También, en la vida de la comunidad. Los griegos llegan a Jesús a través de Felipe, quien recurre a Andrés para ir, juntos, a Jesús. Una comunidad de pecadores, llamados y perdonados, como nosotros. Sabemos que Jesús, a pesar de estar rodeado de sus discípulos, con quienes va a cenar por última vez, está existencialmente sólo. A Jesús también lo encontramos en la comunidad que somos, con nuestras luces y sombras. Porque queremos estar cerquita suyo, pero a veces nos alejamos de él, o entre nosotros. También los discípulos, cuando llegue la cruz, se dispersarán, dejándolo solo y separándose entre ellos. Jesús dice: “donde yo esté, estará también mi servidor”. Somos discípulos y servidores con otros, caminantes con Jesús aún sin tener todo claro, portadores de miedos e inconstancias, al igual que Felipe, Andrés y el resto. Pero queremos andar con él y llevar hacia él a muchos hermanos y hermanas. Entonces, Jesús está entre nosotros, y así lo mostramos.

En tercer lugar en la oración. A Jesús lo encontramos y mostramos en esa oración que busca y discierne la fidelidad a la propia misión. Jesús, más allá de la agitación y turbación del momento, ora y discierne con el Padre cómo ser fiel a su ser más profundo, aunque eso provoque miedo y turbación: “Si para eso he llegado a esta hora”. Cada vez que propiciamos encuentros profundos de oración y discernimiento, para ser más fieles a Dios y a nosotros, aunque eso conlleve muchas veces un sufrimiento pasajero pero con vistas a una vida más plena, y por lo tanto más fiel, mostramos a Jesús.

Por último, y quizá lo primero que me surgió en oración, a Jesús lo encontramos y mostramos cuando compartimos la propia experiencia de encuentro y seguimiento, y cuando, como comunidad, somos memoria del paso de Dios por la vida de los demás compañeros de camino, queriendo encender el fuego primero, sobre todo cuando éste, en Jerusalén y en clima de fría hostilidad, tiende a entibiarse.

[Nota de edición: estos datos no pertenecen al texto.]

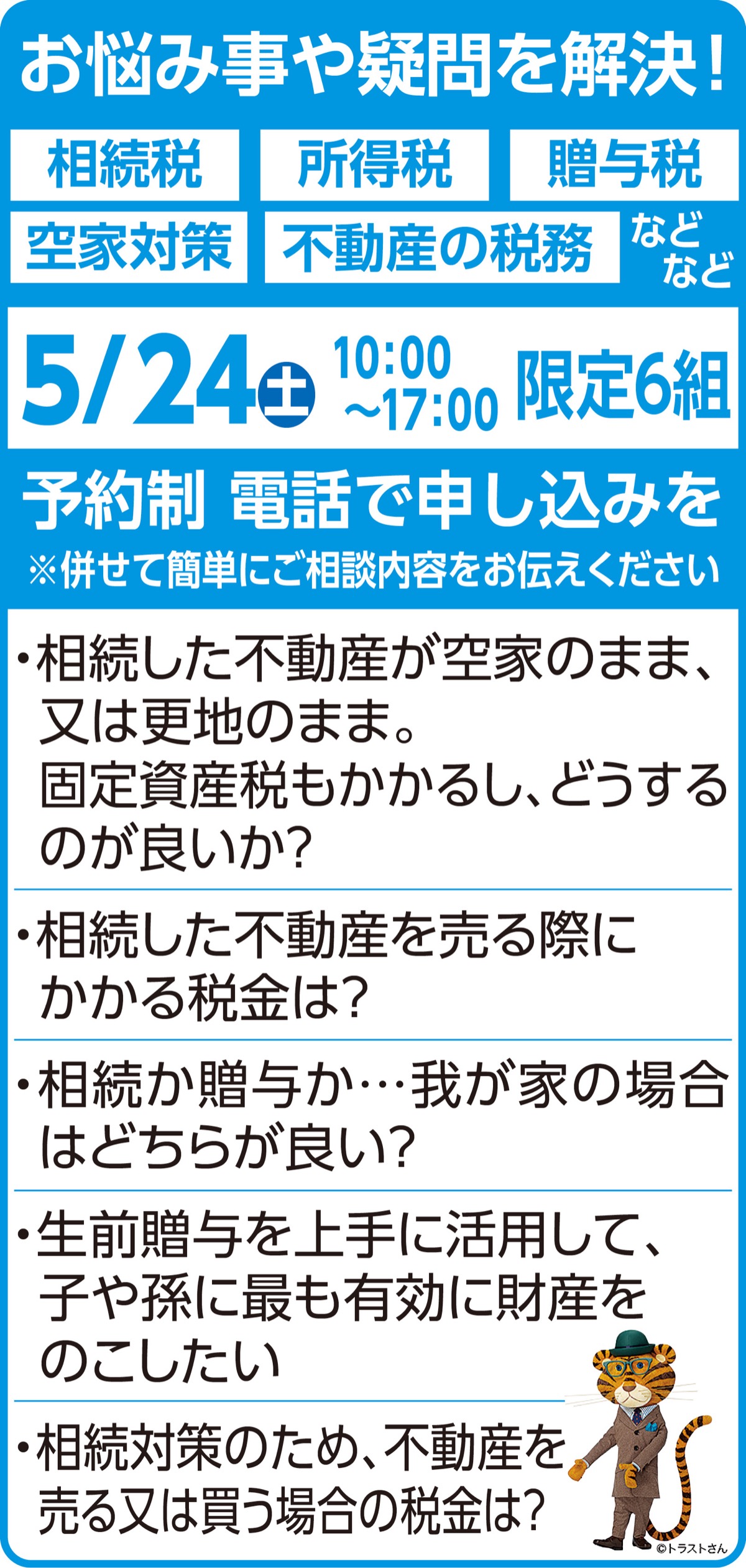 「我が家に相続税はかかるのか」「不動産の売却や住み替えにまつわる税金や特例について知りたい」「相続した不動産はどうすればいいか」など1組60分、我が家の場合での相談が可能。限定6組で予約制(先着順受付)。「毎回ご好評をいただいておりますので、ご予約はお早目にお電話下さい」と担当者。予約・問合せは下記へ。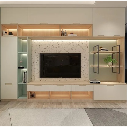 ตู้วางทีวีแบบแผ่นไม้เชอร์รี่สไตล์อเมริกัน ปรับได้และขยายได้ สำหรับใช้ในบ้านหรืออพาร์ตเมนต์

Felipe y Andrés, son los dos primeros discípulos en el evangelio de Juan, a quienes Jesús les dijo “Vengan y vean”, y que recordaban hasta la hora del encuentro. Hoy, nuevamente aparecen ellos dos. Ahora son otros los que también quieren ver a Jesús, pero el clima es totalmente otro, ya no de esperanzas y fiesta, sino de enemistad, cruz y rechazo. 

Felipe busca a aquel compañero de sueños y búsqueda, con el que compartía las ansias de Dios, el querer ver a Jesús, y ambos van otra vez como aquella tarde hacia Él, quizá haciendo memoria de ese encuentro imborrable y decisivo. Recurre al compañero de los inicios, del encuentro que lo cambió todo, al testigo de los sueños e ideales iniciales, otrora tan claros, pero también testigo de la propia experiencia de Dios a lo largo del camino. 

¡Qué hermoso es ser una comunidad memoriosa del fuego del comienzo! Sobre todo en Jerusalén a unos pocos días de la entrega en cruz y la dispersión. Cuando llegan las horas más oscuras, que podamos recordarnos unos a otros el para qué estamos y hacia quién vamos. Sólo en Jesús saciamos nuestra sed de sentido, y así, memoriosos, nos comprometemos acercar otros sedientos a Él.